Am i right in saying about 25/28kilos????


----------



## Oaklys Dad (Dec 28, 2005)

By my calcs that is 22.727272727272 Kilos for Abbie and Maggie.


----------



## Bailey & Bentley (Feb 25, 2007)

I would think in the 50's somewhere should be a normal weight. It depends on the dog though.


----------



## BeauShel (May 20, 2007)

I dont really know but wanted to say Welcome Steve.


----------



## missmarstar (Jul 22, 2007)

my Sam (male) is 8.5 months and at the vet the other day he weighed 50.2 lbs... so i guess.. 22.77 kilos. he is VERY lean and skinny though, so he could be slightly under the average for that age. and of course he is a male, not female.


----------



## Daisy n Me (May 17, 2007)

I'm trying to remember how much Daisy weighed then... she was 65 lbs when she was 7 months old. I googled a conversion and that's 29.5 kilos. She's always been lean looking, but I guess she's a little big?
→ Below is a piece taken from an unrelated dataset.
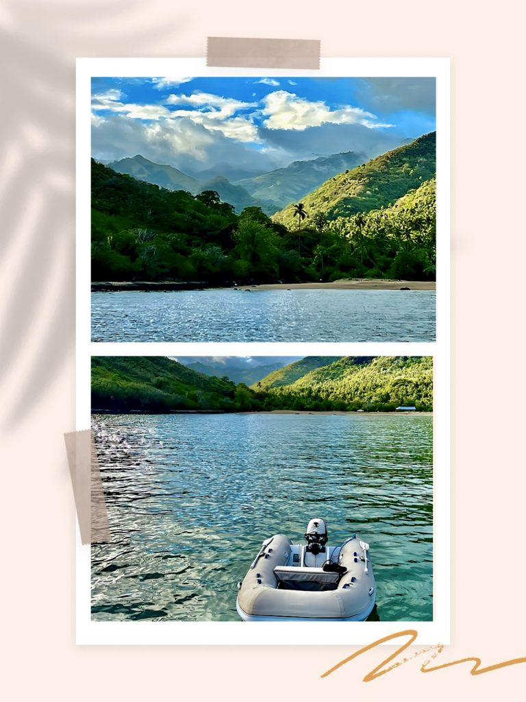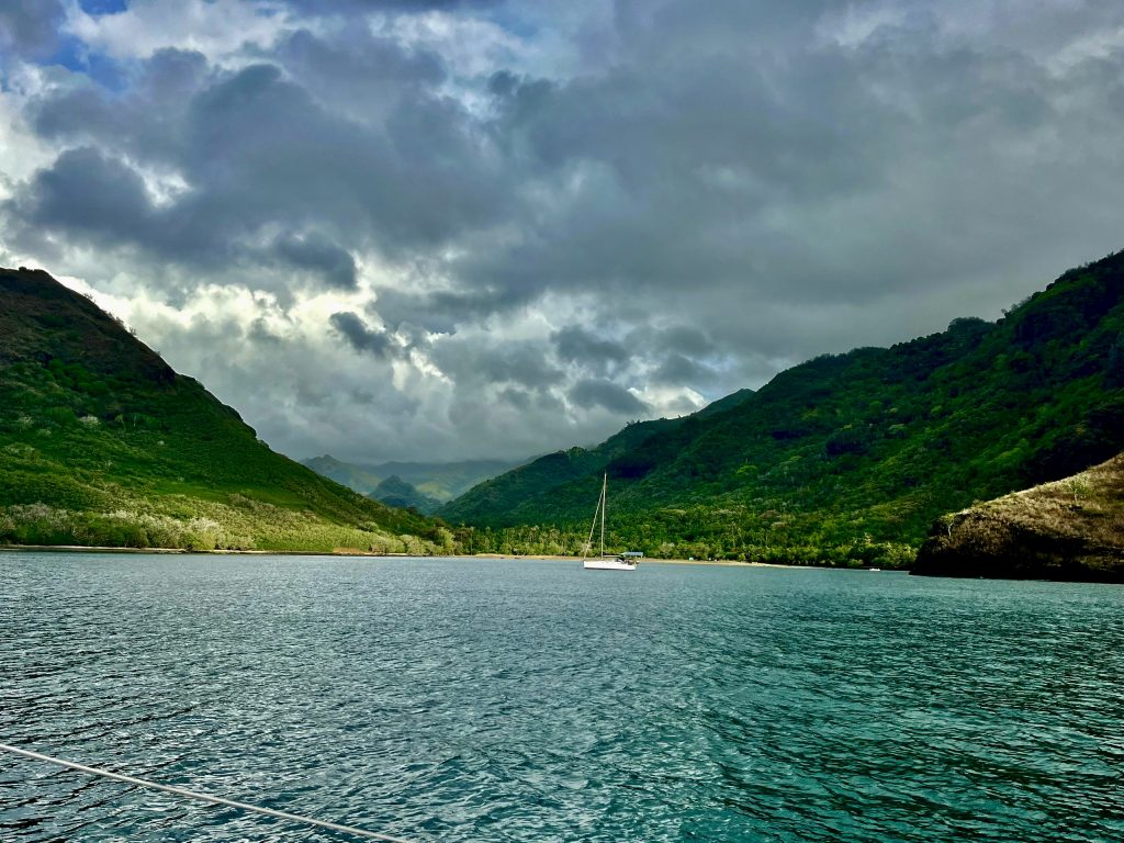 Denn hier, in dieser Bucht gibt es Wasser zum Abfüllen. Trinkwasser, gutes Trinkwasser sogar! Das ist auf den Marquesas selten! So, wir satteln das Dinghy und fahren an den Strand, auch Strand ist auf den Vulkaninseln selten, ziehen das Beiboot mit großem Krafteinsatz den Sand hinauf und stapfen mit unserem Sack zum Wasserhahn. 🚰 Es geht 150 Meter vom Dinghy über den Strand, über etwas Rasen, durch einen offenen Unterstand und nochmals über Rasen, bis wir den Wasserhahn erreicht haben. Mit leerem Sack null Problemo! Wir füllen den Sack, vielleicht zur Hälfte oder Dreiviertel, jeder nimmt einen Zipfel, zieht sich die angeknöddelte Trageleine über die Schulter, und im Gleichschritt schleppen wir den Wassersack zurück zum Dinghy. Hinein damit, uff. 😮💨 Jetzt das Dinghy mit aller Kraft wieder ins Wasser bugsieren und zurück zu Yuti schippern. Das Dinghy festbinden, rauskrabbeln und mit aller Kraft den Sack an Bord hieven. Nun den Sack zu zweit vor bis zum Wassertank schleifen, Einfüllstutzen öffnen und das Wasser hineinlaufen lassen. Zum Glück hat Klaus auch noch einen passenden Schlauch, mit dem wir das Wasser einfüllen können. So, das ganze Procedere machen wir heute insgesamt 6 Mal. 🥵 Danach brechen wir fast zusammen. Beine, Schultern, Arme und Rücken sind lahm. PAUSE ‼️
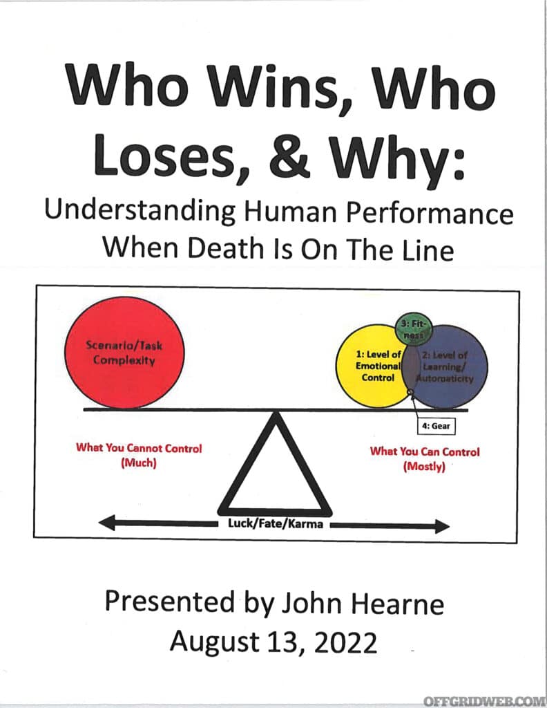 Most of the training events we cover in this column are courses on how to shoot — whether it’s long-range shots with rifles, fast strings with pistols, or how to manage the oft-intimidating self-defense shotgun. This one is a little different. Last summer, we had the opportunity to attend two lectures put on by career LEO and firearms trainer John Hearne. Hearne has dedicated a significant amount of time to high-level academic research in some topics that may, at first glance, sound dry to the average shooter. These were full-day lectures, with zero range time and a lot of very in-depth technical and historical discussion. We don’t say any of this to dissuade you from his courses. On the contrary, we highly recommend you attend any of his lectures if you ever have the chance. The first was Who Wins, Who Loses, and Why — an in-depth look at a range of factors pertaining to how human beings are biologically programmed to react under life-threatening stress, and how to build effective training programs around those factors. The second was Defeating Violent Criminals, which focused on some historical case studies of the worst-of-the-worst bad guys, and how much a motivated criminal can accomplish when they apply their nefarious worldview and skillset.

She's 75 lbs now and not yet 11 months.


----------



## MycrazyGoldengang (Jan 15, 2008)

Thank you to everyone who replied.

My only concern was to get feedback from people, i know these dogs can easily put weight on so i wanted to make sure ELLE got a good start in life.
PS she is known as ELLE BELLY.

Also loves watching television, and loves the Dog whisperer. Keeps her amused for ages.
Only wish she would take more notice of the training given. Ha Ha 
Steve


----------



## lovealways_jami (Apr 17, 2007)

Diesel was also 65 LBS at 8 months... it def depends on the dog...


----------



## MycrazyGoldengang (Jan 15, 2008)

Just had EELE weighed at the local vets and she weighed 27 kg, so i am taking her weight as about right. But i will be keeping a close eye on her.
Steve


----------



## 2Retrievers222 (Sep 5, 2007)

Age:*00* years *08 Months* 

*Total golden retrievers with these age to weight combinations: **78 
Average Weight in this group is: 54.7*


----------